*** Block opens ***

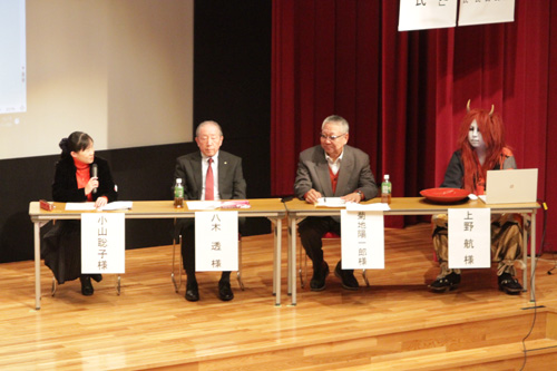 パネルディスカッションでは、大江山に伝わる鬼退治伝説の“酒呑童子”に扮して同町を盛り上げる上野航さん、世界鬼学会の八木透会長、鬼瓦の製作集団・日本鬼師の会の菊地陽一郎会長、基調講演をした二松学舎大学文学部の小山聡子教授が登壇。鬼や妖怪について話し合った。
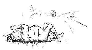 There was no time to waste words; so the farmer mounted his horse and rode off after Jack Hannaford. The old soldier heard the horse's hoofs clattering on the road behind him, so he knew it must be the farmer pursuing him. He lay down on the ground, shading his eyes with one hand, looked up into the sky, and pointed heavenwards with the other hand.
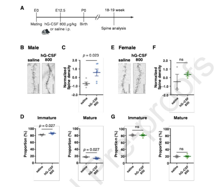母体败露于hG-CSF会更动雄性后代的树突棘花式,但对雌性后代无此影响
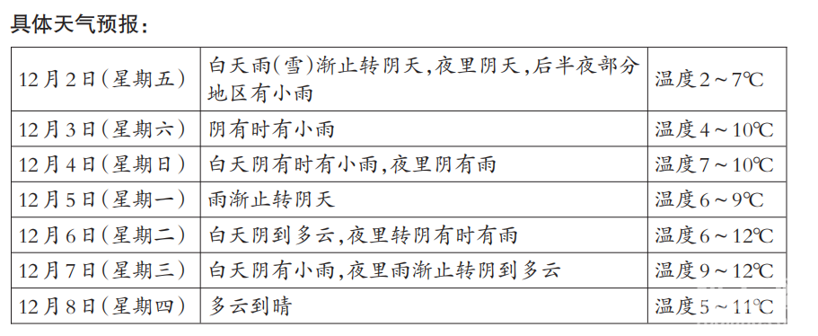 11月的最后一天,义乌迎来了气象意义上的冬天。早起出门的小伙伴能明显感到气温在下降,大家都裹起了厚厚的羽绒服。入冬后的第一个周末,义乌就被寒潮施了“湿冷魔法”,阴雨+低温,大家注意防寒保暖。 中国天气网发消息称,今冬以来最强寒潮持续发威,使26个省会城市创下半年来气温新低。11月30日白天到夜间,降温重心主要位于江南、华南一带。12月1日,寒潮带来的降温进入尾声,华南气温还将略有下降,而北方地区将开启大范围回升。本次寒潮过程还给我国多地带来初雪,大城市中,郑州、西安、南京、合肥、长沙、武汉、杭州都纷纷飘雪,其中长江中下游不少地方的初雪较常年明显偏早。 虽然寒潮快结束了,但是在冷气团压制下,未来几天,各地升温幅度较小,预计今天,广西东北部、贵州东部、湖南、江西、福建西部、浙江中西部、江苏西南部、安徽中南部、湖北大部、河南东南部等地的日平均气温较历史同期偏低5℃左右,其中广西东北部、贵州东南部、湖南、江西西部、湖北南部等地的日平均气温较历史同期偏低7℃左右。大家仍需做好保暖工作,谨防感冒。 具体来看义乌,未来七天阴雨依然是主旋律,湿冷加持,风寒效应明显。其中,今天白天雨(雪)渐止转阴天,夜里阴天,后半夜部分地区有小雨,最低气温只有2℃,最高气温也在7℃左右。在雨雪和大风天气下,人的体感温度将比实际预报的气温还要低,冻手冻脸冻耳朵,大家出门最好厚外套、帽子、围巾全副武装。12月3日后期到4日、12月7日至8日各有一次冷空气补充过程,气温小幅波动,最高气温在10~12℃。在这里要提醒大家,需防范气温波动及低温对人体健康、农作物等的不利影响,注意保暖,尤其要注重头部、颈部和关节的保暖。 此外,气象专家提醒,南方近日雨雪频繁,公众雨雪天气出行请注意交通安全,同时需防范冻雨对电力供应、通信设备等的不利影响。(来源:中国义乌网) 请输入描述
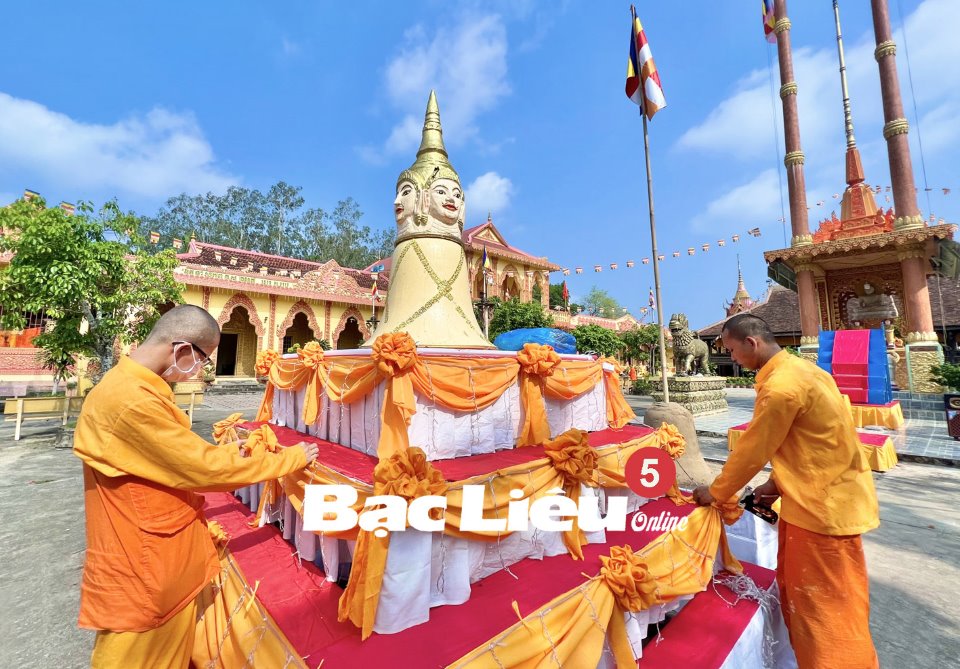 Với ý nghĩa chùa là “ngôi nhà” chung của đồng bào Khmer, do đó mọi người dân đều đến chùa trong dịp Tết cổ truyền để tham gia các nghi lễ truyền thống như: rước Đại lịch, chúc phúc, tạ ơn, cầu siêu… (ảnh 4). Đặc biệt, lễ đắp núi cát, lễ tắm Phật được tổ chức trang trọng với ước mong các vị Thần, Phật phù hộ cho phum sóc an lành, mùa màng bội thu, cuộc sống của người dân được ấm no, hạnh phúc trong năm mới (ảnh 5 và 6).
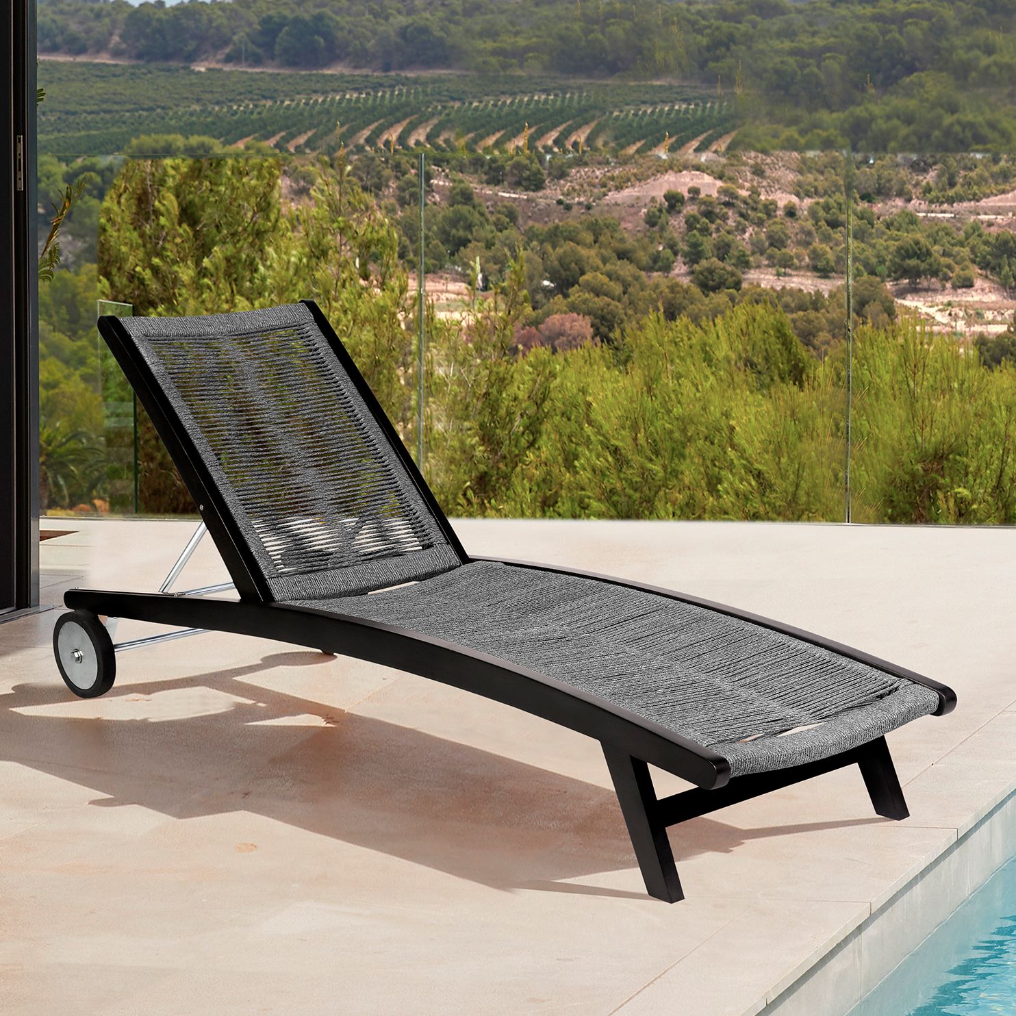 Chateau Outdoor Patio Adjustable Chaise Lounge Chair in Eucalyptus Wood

*** Block closes ***

> Your goal: With all pictures omitted, return exactly the lines from the one containing "Với ý nghĩa" through the end of the entries above.

> Your response:
 Với ý nghĩa chùa là “ngôi nhà” chung của đồng bào Khmer, do đó mọi người dân đều đến chùa trong dịp Tết cổ truyền để tham gia các nghi lễ truyền thống như: rước Đại lịch, chúc phúc, tạ ơn, cầu siêu… (ảnh 4). Đặc biệt, lễ đắp núi cát, lễ tắm Phật được tổ chức trang trọng với ước mong các vị Thần, Phật phù hộ cho phum sóc an lành, mùa màng bội thu, cuộc sống của người dân được ấm no, hạnh phúc trong năm mới (ảnh 5 và 6).
 Chateau Outdoor Patio Adjustable Chaise Lounge Chair in Eucalyptus Wood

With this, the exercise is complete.